Prompt: When you transcribe the listing, keep each line exact and drop the pictures.

Collected data:
★ ★ ★ ★ ★

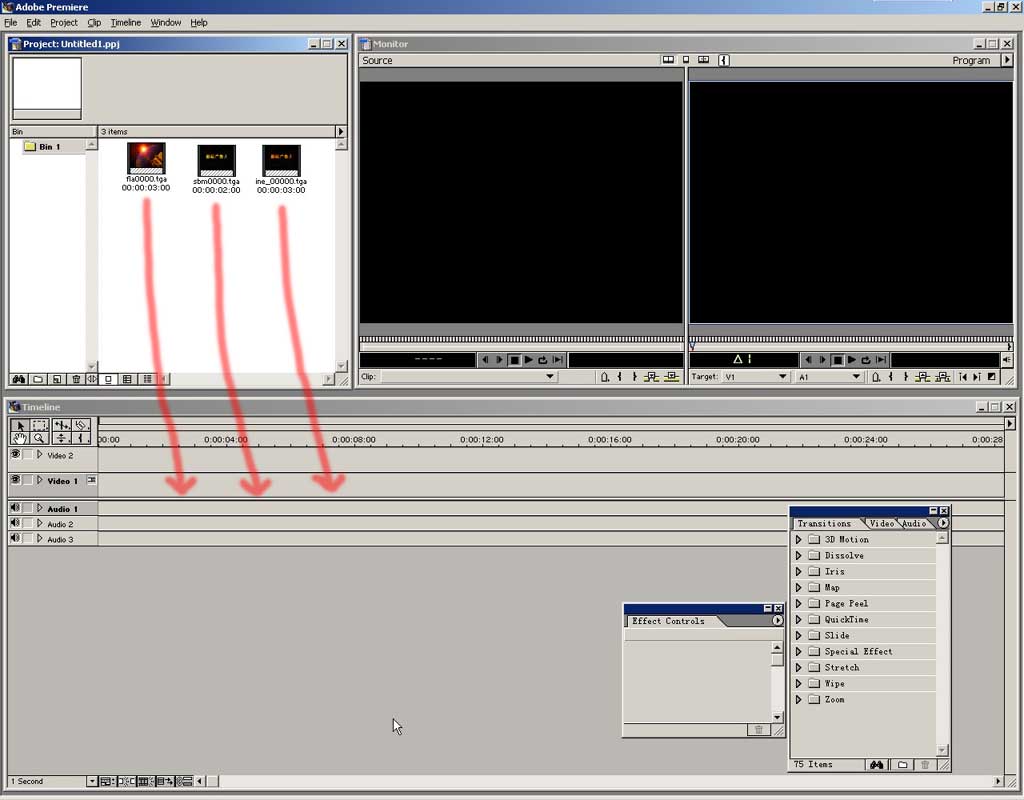把要用到的文件依次导入,出现在project窗口中,然后分别把它们拖入timeline窗口中。
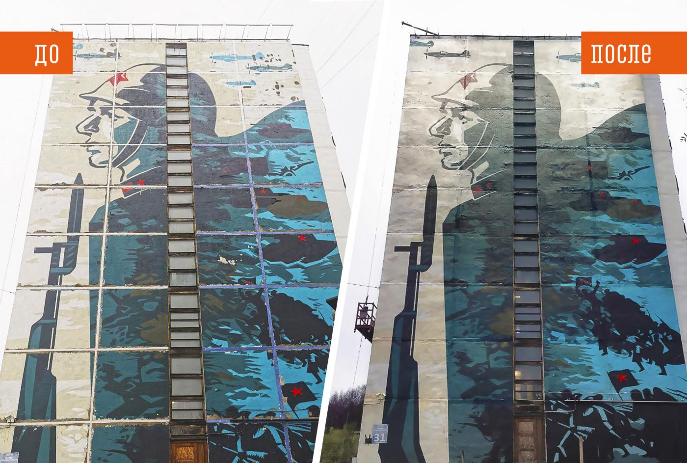 Художники восстановили два мурала на домах №29 и 31 на проспекте Героев-североморцев в Мурманске. На них изображены герои Великой Отечественной войны — моряк и пехотинец.
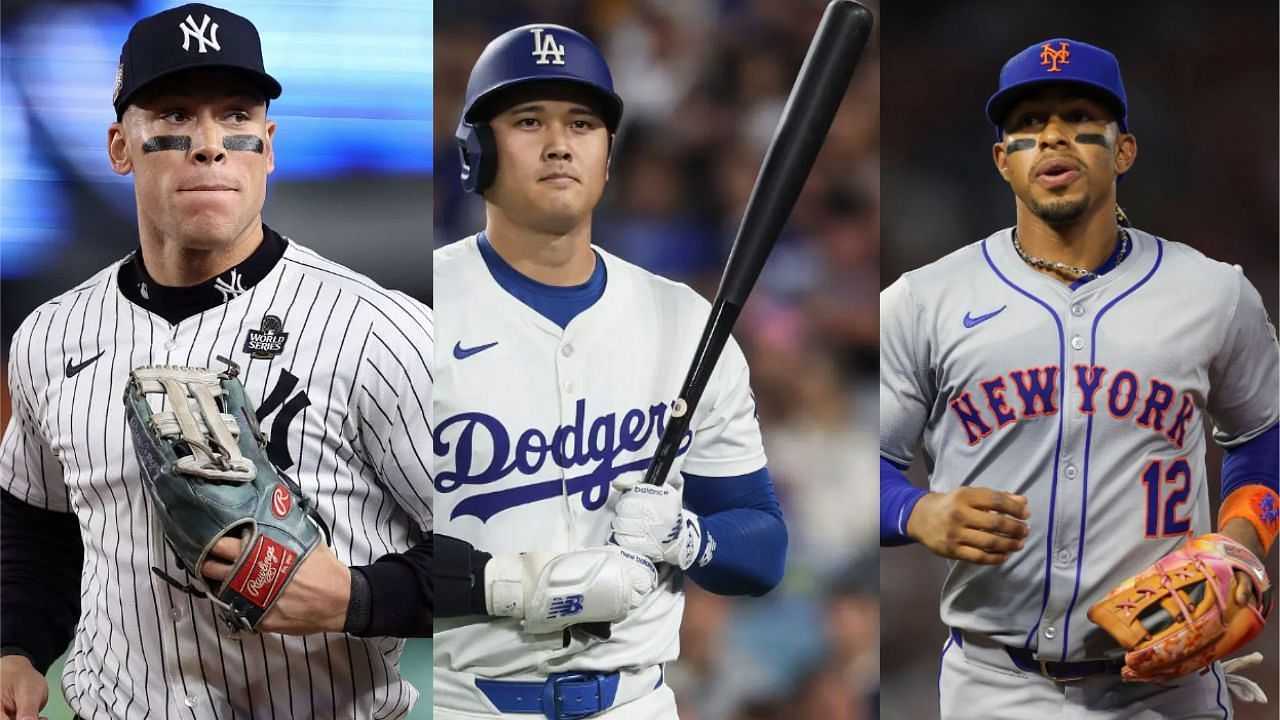 (Left to Right) Aaron Judge of the New York Yankees, Shohei Ohtani of the Los Angeles Dodgers and Francisco Lindor of the New York Mets (Images from - Getty)
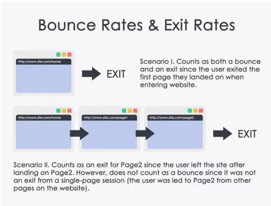 如果有人做出一个首次行为,例如一次网站访问,但在30分钟内没有进行再次的互动(浏览其他网页、点击CTA等等),这会被认为是一次跳出。

★ ★ ★ ★ ★

Completed exercise:
把要用到的文件依次导入,出现在project窗口中,然后分别把它们拖入timeline窗口中。
 Художники восстановили два мурала на домах №29 и 31 на проспекте Героев-североморцев в Мурманске. На них изображены герои Великой Отечественной войны — моряк и пехотинец.
 (Left to Right) Aaron Judge of the New York Yankees, Shohei Ohtani of the Los Angeles Dodgers and Francisco Lindor of the New York Mets (Images from - Getty)
 如果有人做出一个首次行为,例如一次网站访问,但在30分钟内没有进行再次的互动(浏览其他网页、点击CTA等等),这会被认为是一次跳出。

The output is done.